**EXERCISE GOAL:** From the first line of the data below through the line holding "An oversized fit", output each line exactly and leave the pictures out.
INPUT DATA section start
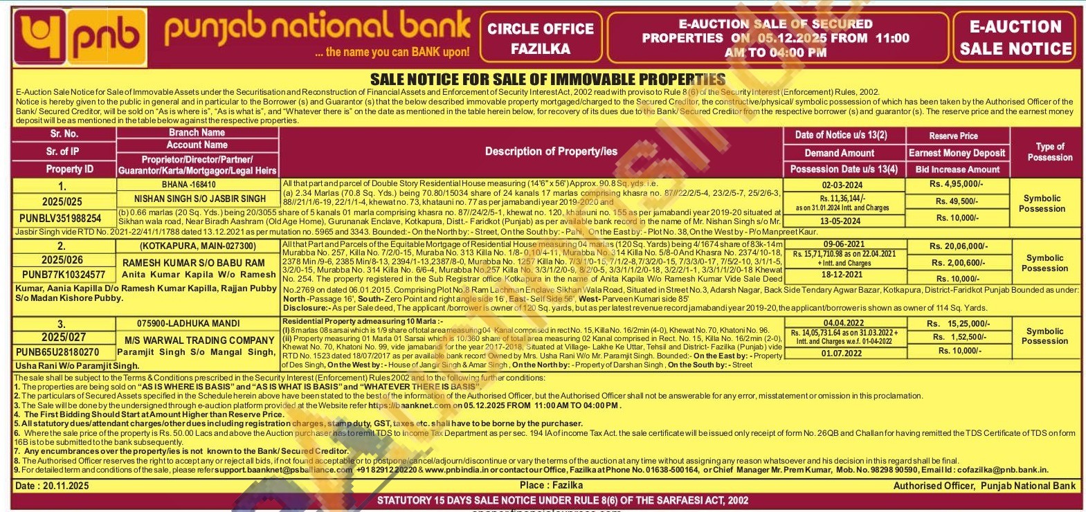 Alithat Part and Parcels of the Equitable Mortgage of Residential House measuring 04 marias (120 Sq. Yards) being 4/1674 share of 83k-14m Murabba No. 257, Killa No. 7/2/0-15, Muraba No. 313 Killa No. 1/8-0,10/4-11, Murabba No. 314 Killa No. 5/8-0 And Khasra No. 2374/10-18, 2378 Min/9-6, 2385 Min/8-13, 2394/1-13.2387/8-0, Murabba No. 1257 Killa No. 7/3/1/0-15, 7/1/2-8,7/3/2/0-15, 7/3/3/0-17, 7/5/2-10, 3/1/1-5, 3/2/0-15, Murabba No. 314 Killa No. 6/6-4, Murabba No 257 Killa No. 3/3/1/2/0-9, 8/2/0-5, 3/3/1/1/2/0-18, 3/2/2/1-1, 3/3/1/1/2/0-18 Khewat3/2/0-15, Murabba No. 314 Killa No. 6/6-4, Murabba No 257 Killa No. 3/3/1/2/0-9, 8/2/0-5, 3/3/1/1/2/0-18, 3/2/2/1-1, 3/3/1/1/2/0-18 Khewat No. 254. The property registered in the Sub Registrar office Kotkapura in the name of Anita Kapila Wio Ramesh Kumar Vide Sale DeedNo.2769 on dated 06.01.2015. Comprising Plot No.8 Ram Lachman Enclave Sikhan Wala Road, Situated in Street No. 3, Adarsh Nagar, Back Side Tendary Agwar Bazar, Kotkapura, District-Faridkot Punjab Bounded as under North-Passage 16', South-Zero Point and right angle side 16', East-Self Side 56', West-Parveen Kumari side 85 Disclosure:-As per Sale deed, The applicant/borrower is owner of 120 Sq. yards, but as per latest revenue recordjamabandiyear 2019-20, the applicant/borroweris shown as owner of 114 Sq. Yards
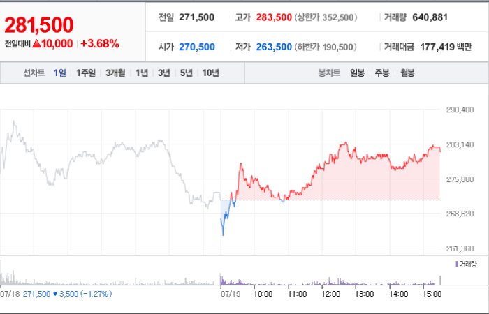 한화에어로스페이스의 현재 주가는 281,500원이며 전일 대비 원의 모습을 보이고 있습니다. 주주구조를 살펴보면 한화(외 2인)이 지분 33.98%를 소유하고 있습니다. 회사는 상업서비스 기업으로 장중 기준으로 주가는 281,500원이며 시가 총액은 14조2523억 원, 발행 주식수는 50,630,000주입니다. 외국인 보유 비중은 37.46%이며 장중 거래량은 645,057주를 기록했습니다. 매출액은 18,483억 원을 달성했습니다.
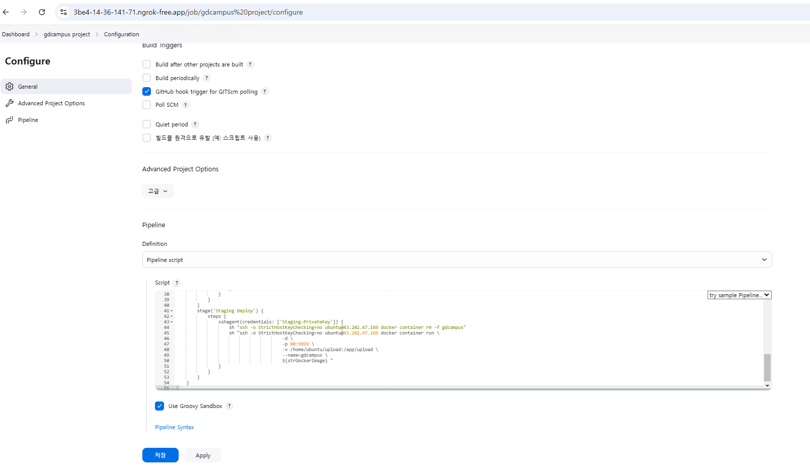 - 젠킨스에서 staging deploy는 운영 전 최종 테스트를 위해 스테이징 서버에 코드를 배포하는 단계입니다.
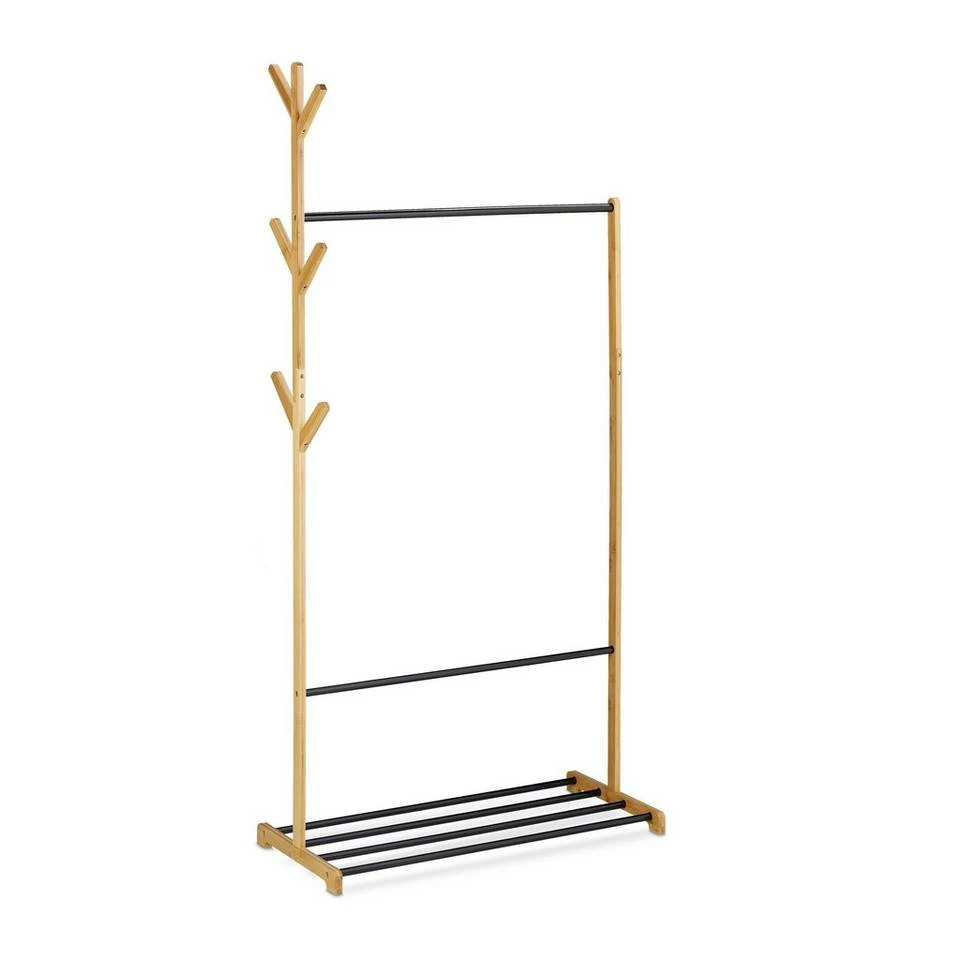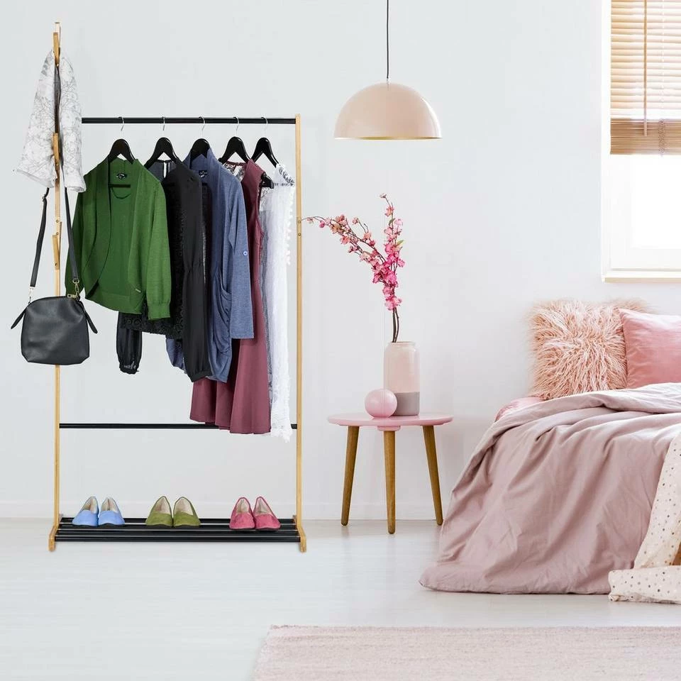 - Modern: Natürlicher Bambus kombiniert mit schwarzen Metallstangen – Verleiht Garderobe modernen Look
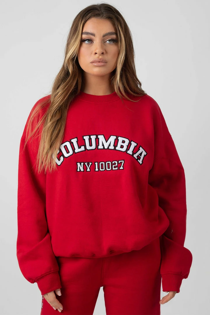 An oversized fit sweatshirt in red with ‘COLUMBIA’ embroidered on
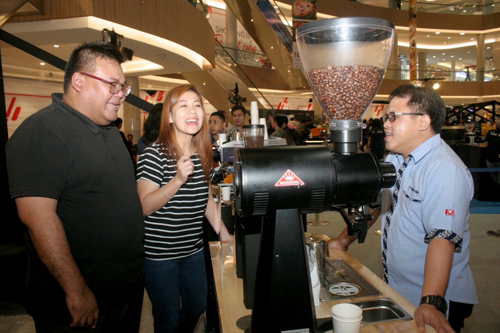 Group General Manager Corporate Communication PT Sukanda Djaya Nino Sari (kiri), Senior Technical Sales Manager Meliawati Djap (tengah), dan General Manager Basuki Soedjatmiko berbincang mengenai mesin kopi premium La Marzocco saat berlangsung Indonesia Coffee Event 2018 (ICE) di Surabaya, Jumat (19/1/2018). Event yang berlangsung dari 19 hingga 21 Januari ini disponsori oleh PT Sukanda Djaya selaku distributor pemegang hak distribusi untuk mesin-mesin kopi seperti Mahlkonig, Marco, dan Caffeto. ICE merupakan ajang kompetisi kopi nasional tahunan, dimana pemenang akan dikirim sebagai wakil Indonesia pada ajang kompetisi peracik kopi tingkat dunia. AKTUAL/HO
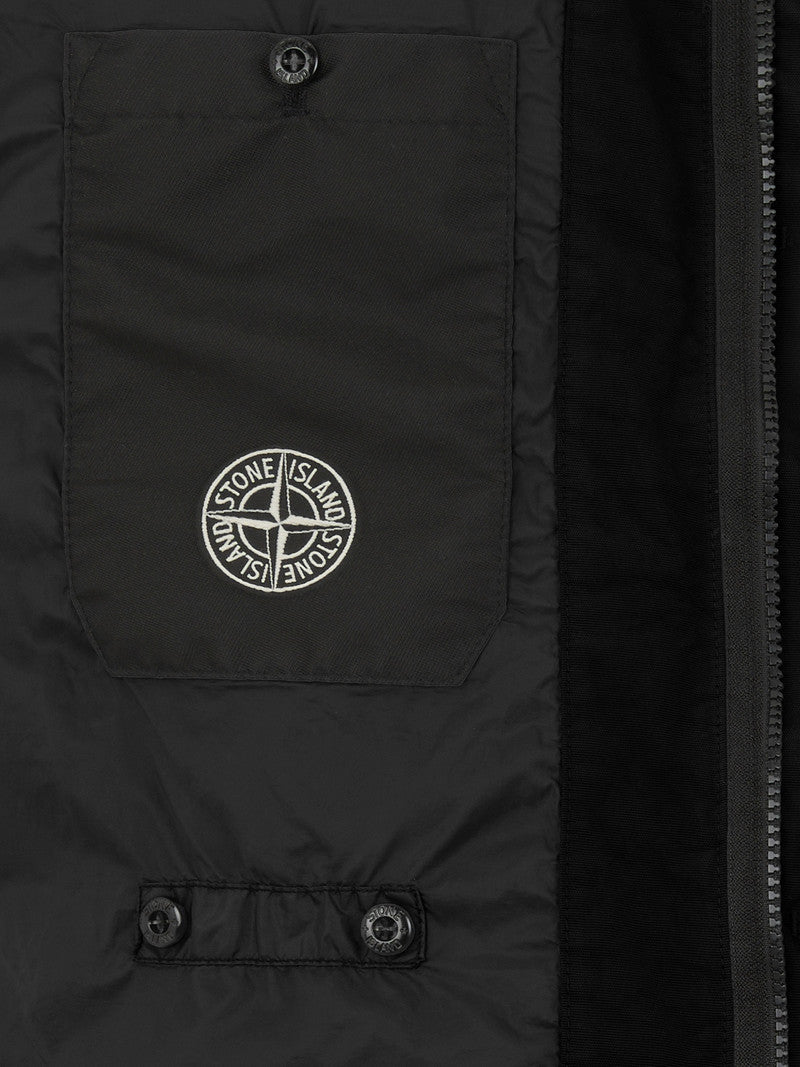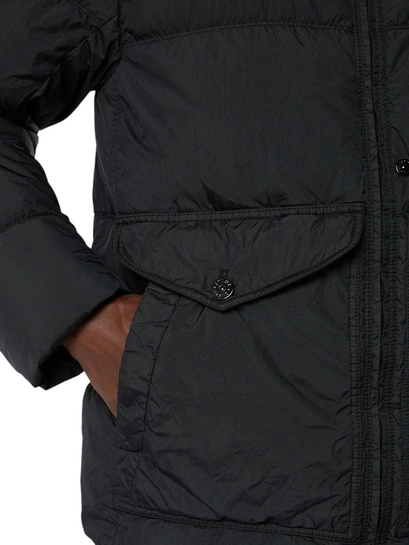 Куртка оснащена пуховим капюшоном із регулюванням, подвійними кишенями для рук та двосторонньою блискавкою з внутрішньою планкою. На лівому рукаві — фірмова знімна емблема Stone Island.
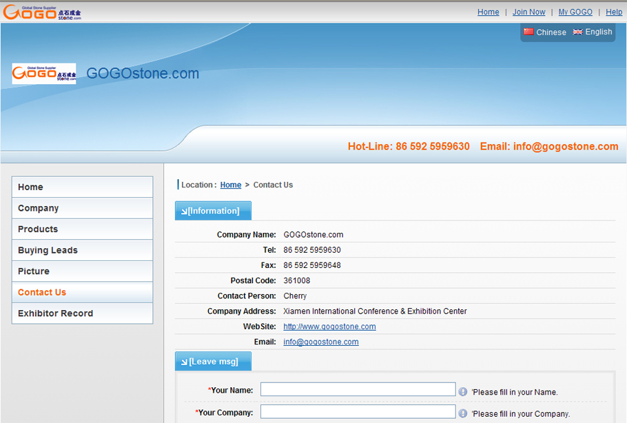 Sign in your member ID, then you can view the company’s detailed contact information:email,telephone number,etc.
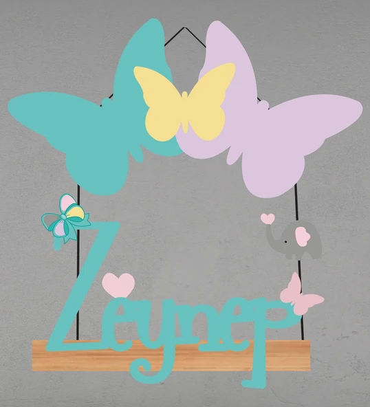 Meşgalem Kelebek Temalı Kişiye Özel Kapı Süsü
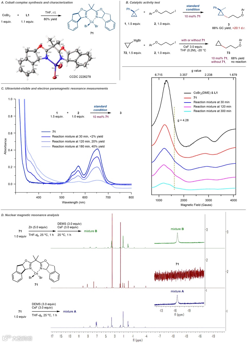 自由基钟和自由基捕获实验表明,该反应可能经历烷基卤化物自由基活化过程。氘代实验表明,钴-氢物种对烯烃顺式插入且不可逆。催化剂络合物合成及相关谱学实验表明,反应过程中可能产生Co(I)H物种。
INPUT DATA section end
**RESULT OF THIS EXERCISE:**
 Alithat Part and Parcels of the Equitable Mortgage of Residential House measuring 04 marias (120 Sq. Yards) being 4/1674 share of 83k-14m Murabba No. 257, Killa No. 7/2/0-15, Muraba No. 313 Killa No. 1/8-0,10/4-11, Murabba No. 314 Killa No. 5/8-0 And Khasra No. 2374/10-18, 2378 Min/9-6, 2385 Min/8-13, 2394/1-13.2387/8-0, Murabba No. 1257 Killa No. 7/3/1/0-15, 7/1/2-8,7/3/2/0-15, 7/3/3/0-17, 7/5/2-10, 3/1/1-5, 3/2/0-15, Murabba No. 314 Killa No. 6/6-4, Murabba No 257 Killa No. 3/3/1/2/0-9, 8/2/0-5, 3/3/1/1/2/0-18, 3/2/2/1-1, 3/3/1/1/2/0-18 Khewat3/2/0-15, Murabba No. 314 Killa No. 6/6-4, Murabba No 257 Killa No. 3/3/1/2/0-9, 8/2/0-5, 3/3/1/1/2/0-18, 3/2/2/1-1, 3/3/1/1/2/0-18 Khewat No. 254. The property registered in the Sub Registrar office Kotkapura in the name of Anita Kapila Wio Ramesh Kumar Vide Sale DeedNo.2769 on dated 06.01.2015. Comprising Plot No.8 Ram Lachman Enclave Sikhan Wala Road, Situated in Street No. 3, Adarsh Nagar, Back Side Tendary Agwar Bazar, Kotkapura, District-Faridkot Punjab Bounded as under North-Passage 16', South-Zero Point and right angle side 16', East-Self Side 56', West-Parveen Kumari side 85 Disclosure:-As per Sale deed, The applicant/borrower is owner of 120 Sq. yards, but as per latest revenue recordjamabandiyear 2019-20, the applicant/borroweris shown as owner of 114 Sq. Yards
 한화에어로스페이스의 현재 주가는 281,500원이며 전일 대비 원의 모습을 보이고 있습니다. 주주구조를 살펴보면 한화(외 2인)이 지분 33.98%를 소유하고 있습니다. 회사는 상업서비스 기업으로 장중 기준으로 주가는 281,500원이며 시가 총액은 14조2523억 원, 발행 주식수는 50,630,000주입니다. 외국인 보유 비중은 37.46%이며 장중 거래량은 645,057주를 기록했습니다. 매출액은 18,483억 원을 달성했습니다.
 - 젠킨스에서 staging deploy는 운영 전 최종 테스트를 위해 스테이징 서버에 코드를 배포하는 단계입니다.
 - Modern: Natürlicher Bambus kombiniert mit schwarzen Metallstangen – Verleiht Garderobe modernen Look
 An oversized fit sweatshirt in red with ‘COLUMBIA’ embroidered on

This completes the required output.